Another (undated) khatvanga with the same decoration was sold Christie's, New York, 23 March 1999 lot 108.
The kirtimukha guard is found as the finial of the throne in the Qi sha Tripitaka (British Library, OMPB Or 80.d.25, Zwalf no. 306, pp. 210-11).
A ritual hammer from the same group was sold at Sotheby's, London, 24 April 1997, lot 122.
The British Museum khatvanga was said to have come from the Tsurphu Monastery in central Tibet. The head of the monastery, Karmapa hierarch Debzhin Shegspa (or Teshin Shekpa, 1384-1415) leader of the Kargyudpa sect, was one of Yongle's two Buddhist teachers. According to G N Roerich, (Blue Annals of Zhonupal, Calcutta, 1949), he returned from China in 1409 bearing presents given to him by the Emperor. Halima, the fifth Tibetan hierarch, is also known to have exchanged gifts with Yongle in 1407. Tsurphu Monastery was completely destroyed during the Cultural Revolution, 1959-66.
An earlier group of presentation objects of imperial quality is in the Museum of Fine Arts, Boston. It includes a ritual axe (1987.93), with very similar spiral scroll decoration on the haft, and a four character mark of the Emperor Hongwu (1368-98). Associated with this is a sword (1988.326 a-b) said to be of the early 14th century; it has a similar double edged, medially ridged blade, a vajra-like hilt and is inscribed with mantras in the Newari Sanskrit of the 13th-14th century.
A scabbard with related but simpler decoration was in the collection of Lord McAlpine (no. A1112, drawing and polaroid on inv. file) in 1991. Closely comparable with this is a hilt, probably of the early 15th century also, in the Metropolitan Museum of Art, New York (LaRocca 1999: fig. 17).
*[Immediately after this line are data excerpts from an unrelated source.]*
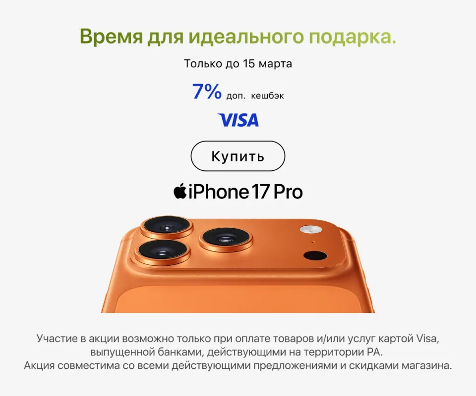 В iSpace удобно оформлять заказ как онлайн, так и офлайн. В любом случае вы получите оригинальную технику Apple с официальной гарантией и полной поддержкой. Покупайте новый гаджет у нас, получайте бонусы и наслаждайтесь всеми возможностями на максимум.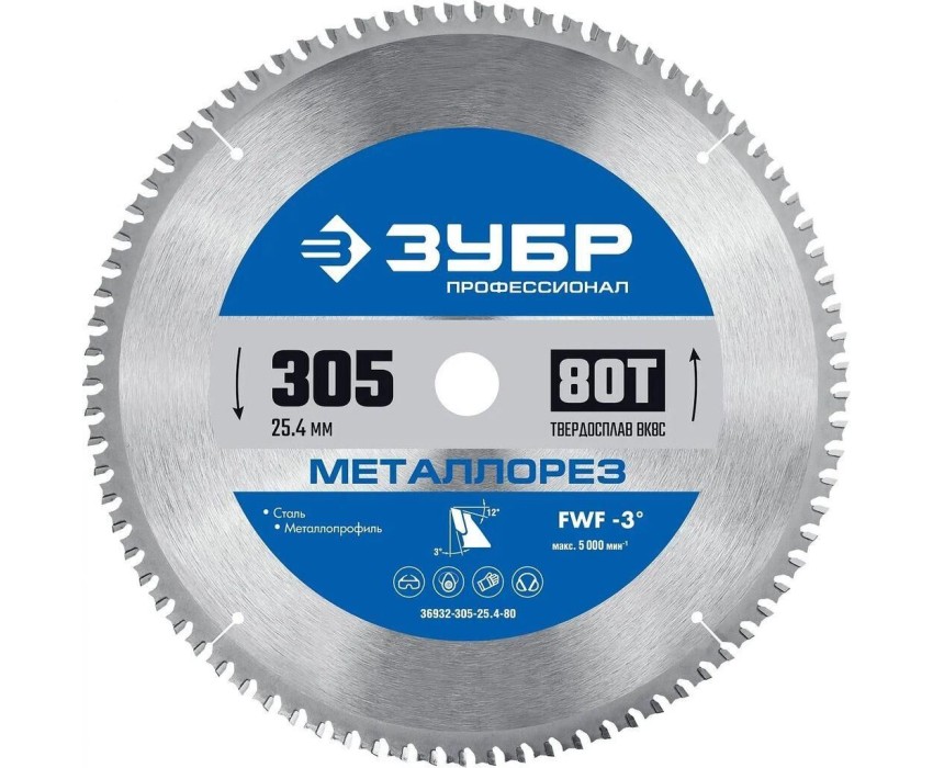 ЗУБР Диск пильный по мет. 36932-305-25.4-80 d=305мм d(посад.)=25.4мм (торцовочные пилы)
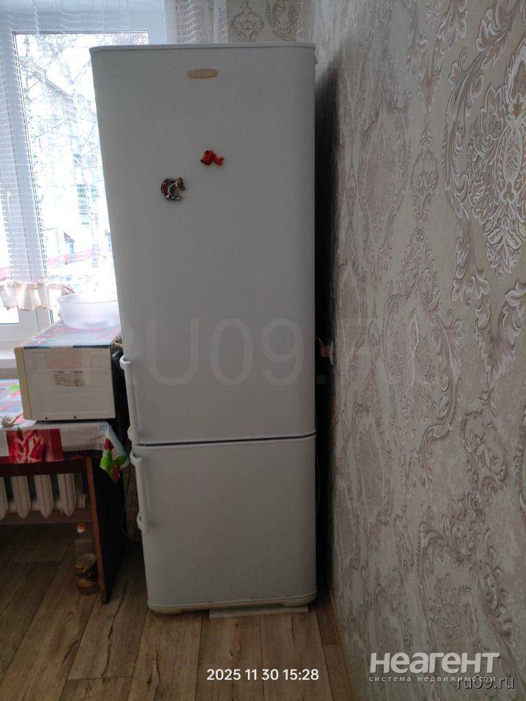 Переделанную в евродвушку. Кухня в коридоре. Две комнаты, одна пустая, во второй есть диван и стол со стульями, большой шкаф купе. в кухне небольшой кухонный гарнитур, холодильник, микроволновая ...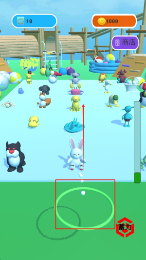 2、掌握投掷技巧:拿起手中的套圈,通过滑动屏幕控制投掷力度与角度,松开手指将套圈抛出,尝试套中远处的目标物品。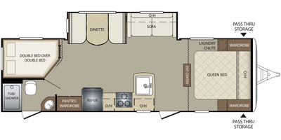 In the rear of 272BHS there is a double bed set of bunks with angled corner and ladder for accessing the top bunk, plus a privacy curtain. The opposite rear corner features a full bath with private entry from outside, and includes a tub/shower, toilet and sink.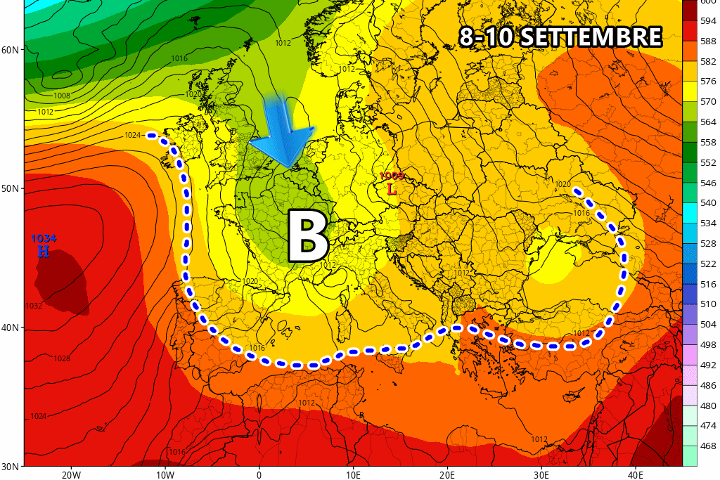 Analizzando la simulazione modellistica pomeridiana del modello GFS, possiamo notare il presunto avvicinamento di una vasta saccatura colma di aria fresca nordatlantica verso l’Europa centrale e infine sul Mediterraneo. Il suo approdo in Italia potrebbe concretizzarsi attorno all’8 settembre e, proprio da questa data in poi, potremmo registrare la fine pressoché definitiva del gran caldo subtropicale.

The monster mask is known in Tibetan as 'chibar' ('that which resembles nothing'), or 'shi-dong' ('face of splendour'), in Sanskrit 'kirtimukha' ('glory face'), and in Chinese 'taotie' (see V Reynolds and A Heller, Catalogue of the Newark Museum Tibetan collection, I. Introduction, New Jersey, 1983, p. 75; V Reynolds, Tibet, a lost world, New York, p. 64, no. 136a).